§ **What the task requires**
Each record that comes next should be output exactly; pictures do not belong in the copy.

BEGIN Provided information

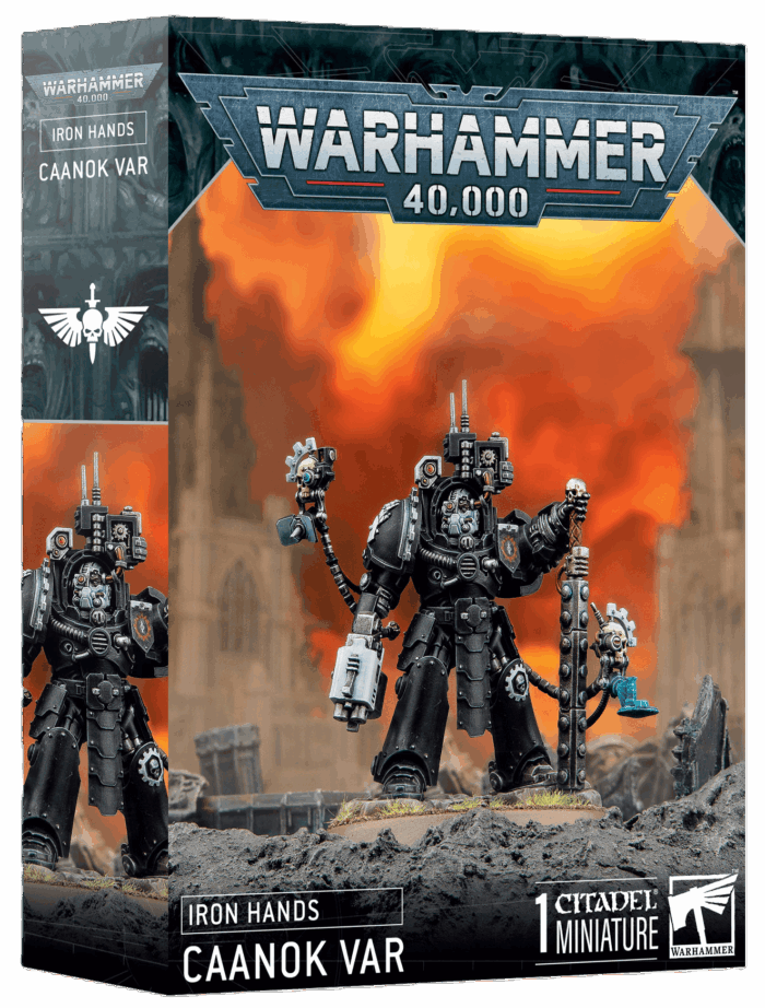 This multipart plastic kit builds Caanok Var, a cold and calculating leader for your Iron Hands Space Marines armies in games of Warhammer 40,000. Clad in custom Terminator armour, he is a tough target to kill, and his fury in melee as he swings his devastating power maul, or aims his storm bolter, will make your enemies regret facing him. Gamers will love the destruction he causes on the tabletop. Painters will appreciate the details, including a pair of servo-skulls providing tactical information and various augmented body parts, such as a bionic eye, heart, and the obligatory iron hand.
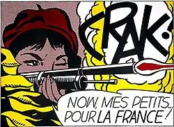 Crak! (sometimes Crack!) is a 1963 pop art lithograph by Roy Lichtenstein in his comic book style of using Ben-Day dots and a text balloon. It was used in marketing materials for one of Lichtenstein's early shows. It is one of several of his works related to military art and monocular vision.
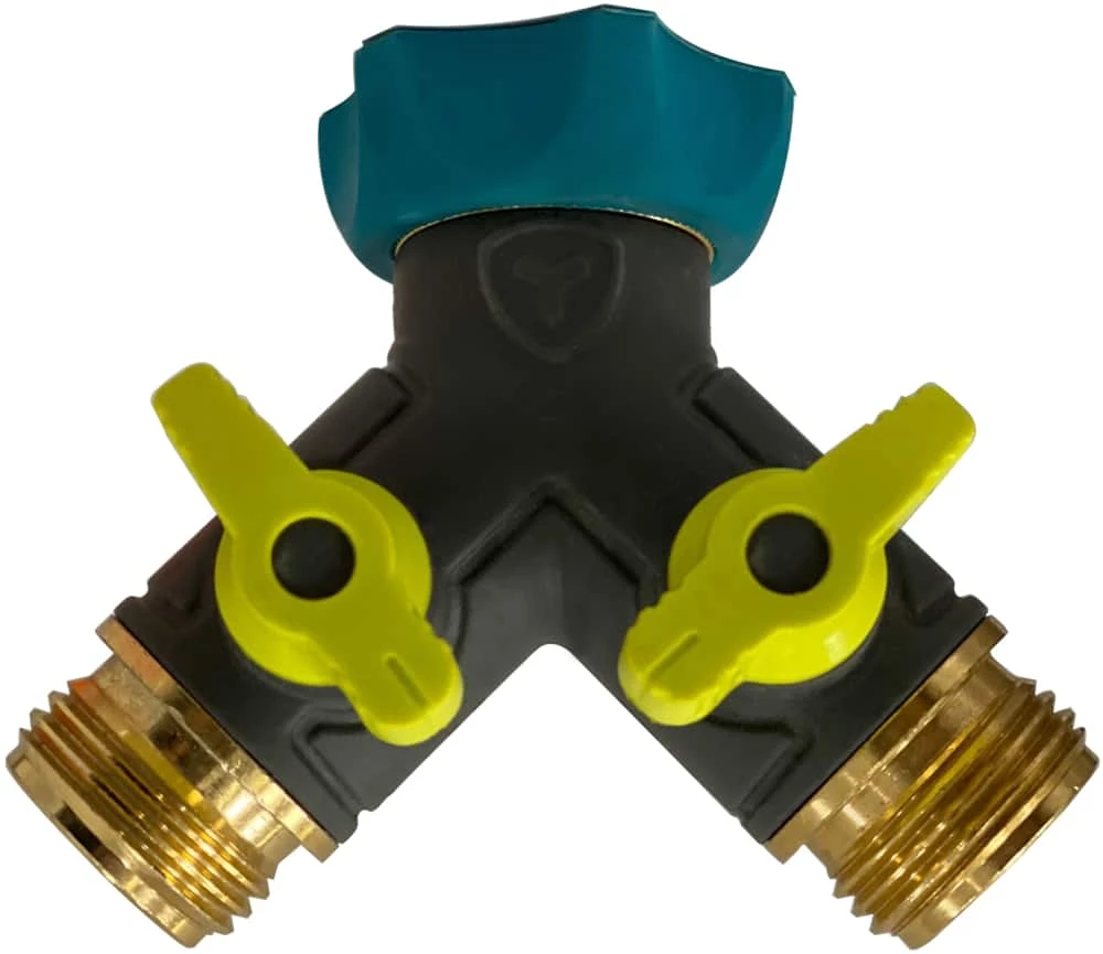 - Yardworks Zinc Y Hose Connector allows two hoses to be run off one faucet
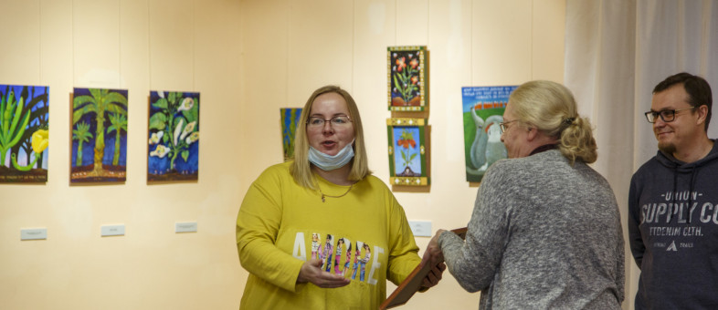 Заведующая экспозиционно-выставочным отделом Кирилло-Белозерского музея-заповедника Юлия Лебедева в приветственном слове заметила: «Проект «Вологодский калейдоскоп» мы открыли в феврале. В течение года в залах Народного дома прошли три выставки, на которых экспонировались работы 8 современных художников. «Бывальщина и Небывальщина» закрывает выставочный 2021 год, но не будет последней в данном проекте, и в будущем мы услышим и увидим новые имена».
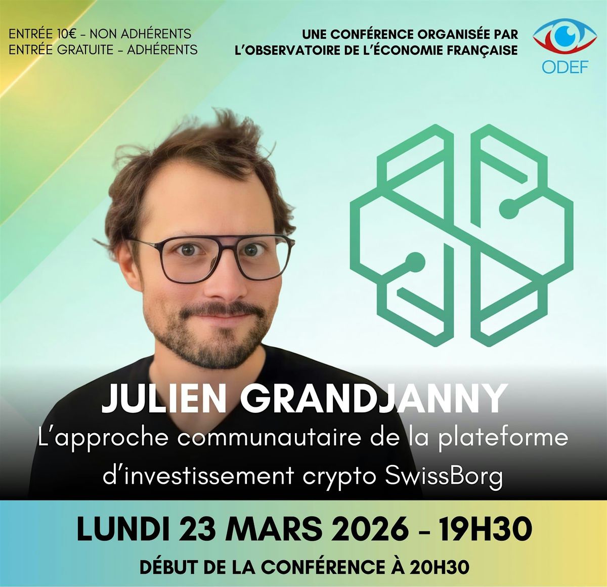 L’Observatoire de l’Économie Française reçoit Julien Grandjanny, membre du conseil d’administration de SwissBorg, élu par la communauté pour la représenter lorsque l’entreprise a ouvert un siège du conseil à un membre issu de son écosystème.
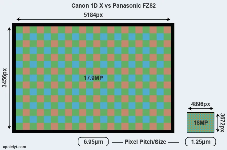 | Sensor Specs | Canon 1D X | Panasonic FZ82 |
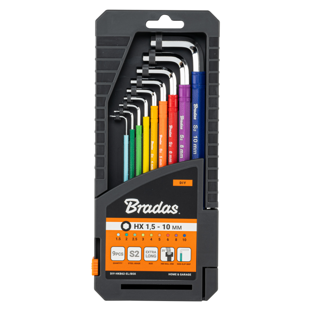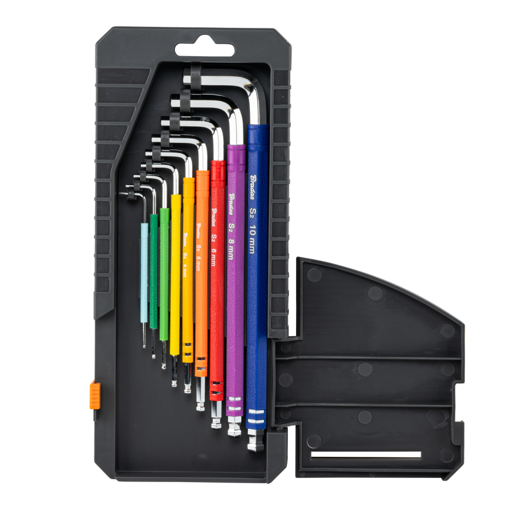 This 9-piece Ball-End Allen Key Set is a must-have for both DIY enthusiasts and professionals. Designed for precision and convenience, the set includes keys ranging from 1.5 mm to 10 mm, making it suitable for a wide variety of tasks. Its ball-end design allows users to work at angles of up to 25°, providing added flexibility in hard-to-reach areas.
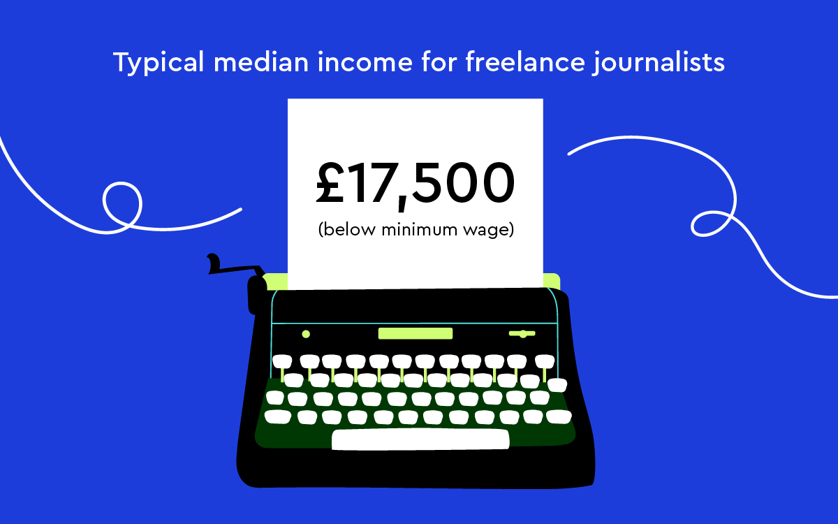 The report surveyed almost 500 freelance journalists in the UK to learn more about pay, contracts, working conditions and copyright issues. It found that median income for primary-occupation freelance journalists sits at just £17,500, a figure below the minimum wage, assuming a typical 35-hour work week.

END Provided information

§ **Finished task**
 This multipart plastic kit builds Caanok Var, a cold and calculating leader for your Iron Hands Space Marines armies in games of Warhammer 40,000. Clad in custom Terminator armour, he is a tough target to kill, and his fury in melee as he swings his devastating power maul, or aims his storm bolter, will make your enemies regret facing him. Gamers will love the destruction he causes on the tabletop. Painters will appreciate the details, including a pair of servo-skulls providing tactical information and various augmented body parts, such as a bionic eye, heart, and the obligatory iron hand.
 Crak! (sometimes Crack!) is a 1963 pop art lithograph by Roy Lichtenstein in his comic book style of using Ben-Day dots and a text balloon. It was used in marketing materials for one of Lichtenstein's early shows. It is one of several of his works related to military art and monocular vision.
 - Yardworks Zinc Y Hose Connector allows two hoses to be run off one faucet
 Заведующая экспозиционно-выставочным отделом Кирилло-Белозерского музея-заповедника Юлия Лебедева в приветственном слове заметила: «Проект «Вологодский калейдоскоп» мы открыли в феврале. В течение года в залах Народного дома прошли три выставки, на которых экспонировались работы 8 современных художников. «Бывальщина и Небывальщина» закрывает выставочный 2021 год, но не будет последней в данном проекте, и в будущем мы услышим и увидим новые имена».
 L’Observatoire de l’Économie Française reçoit Julien Grandjanny, membre du conseil d’administration de SwissBorg, élu par la communauté pour la représenter lorsque l’entreprise a ouvert un siège du conseil à un membre issu de son écosystème.
 | Sensor Specs | Canon 1D X | Panasonic FZ82 |
 This 9-piece Ball-End Allen Key Set is a must-have for both DIY enthusiasts and professionals. Designed for precision and convenience, the set includes keys ranging from 1.5 mm to 10 mm, making it suitable for a wide variety of tasks. Its ball-end design allows users to work at angles of up to 25°, providing added flexibility in hard-to-reach areas.
 The report surveyed almost 500 freelance journalists in the UK to learn more about pay, contracts, working conditions and copyright issues. It found that median income for primary-occupation freelance journalists sits at just £17,500, a figure below the minimum wage, assuming a typical 35-hour work week.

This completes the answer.